• **Task item**:
Below are the records; give again exactly the line with "Optionally, click the", the line with "Code Genius ชวนโปรแกรมเมอร์รุ่นจิ๋วทำดี!", and each line that lies between them, and nothing besides.

• **Given data**:
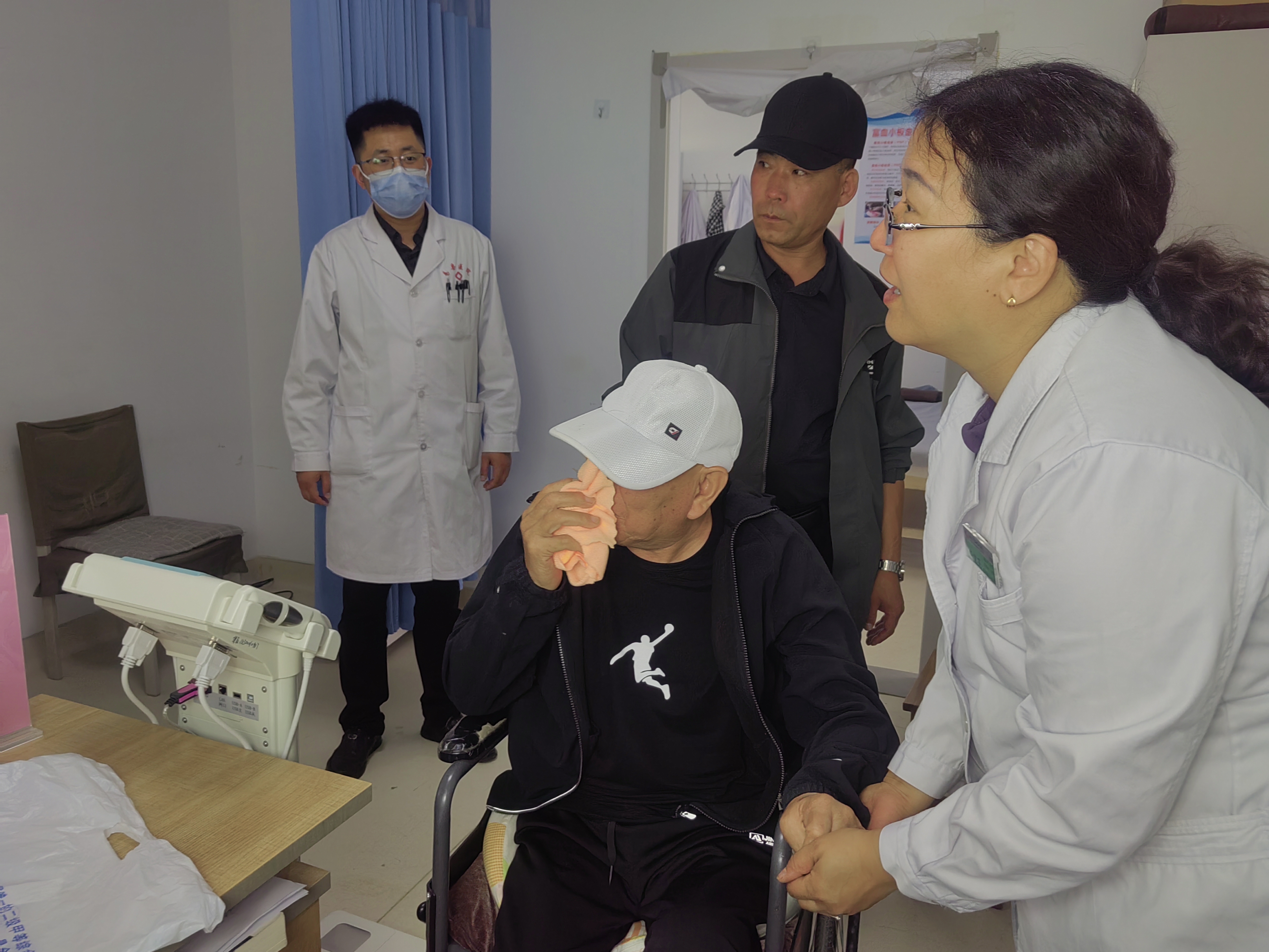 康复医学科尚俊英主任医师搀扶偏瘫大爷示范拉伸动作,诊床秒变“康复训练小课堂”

--

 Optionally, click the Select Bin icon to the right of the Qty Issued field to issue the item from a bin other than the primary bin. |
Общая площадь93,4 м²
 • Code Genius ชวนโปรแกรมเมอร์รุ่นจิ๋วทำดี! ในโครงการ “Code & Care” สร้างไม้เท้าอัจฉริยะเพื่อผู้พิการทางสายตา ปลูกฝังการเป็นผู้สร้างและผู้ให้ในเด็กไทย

• **Exercise response**:
 Optionally, click the Select Bin icon to the right of the Qty Issued field to issue the item from a bin other than the primary bin. |
Общая площадь93,4 м²
 • Code Genius ชวนโปรแกรมเมอร์รุ่นจิ๋วทำดี! ในโครงการ “Code & Care” สร้างไม้เท้าอัจฉริยะเพื่อผู้พิการทางสายตา ปลูกฝังการเป็นผู้สร้างและผู้ให้ในเด็กไทย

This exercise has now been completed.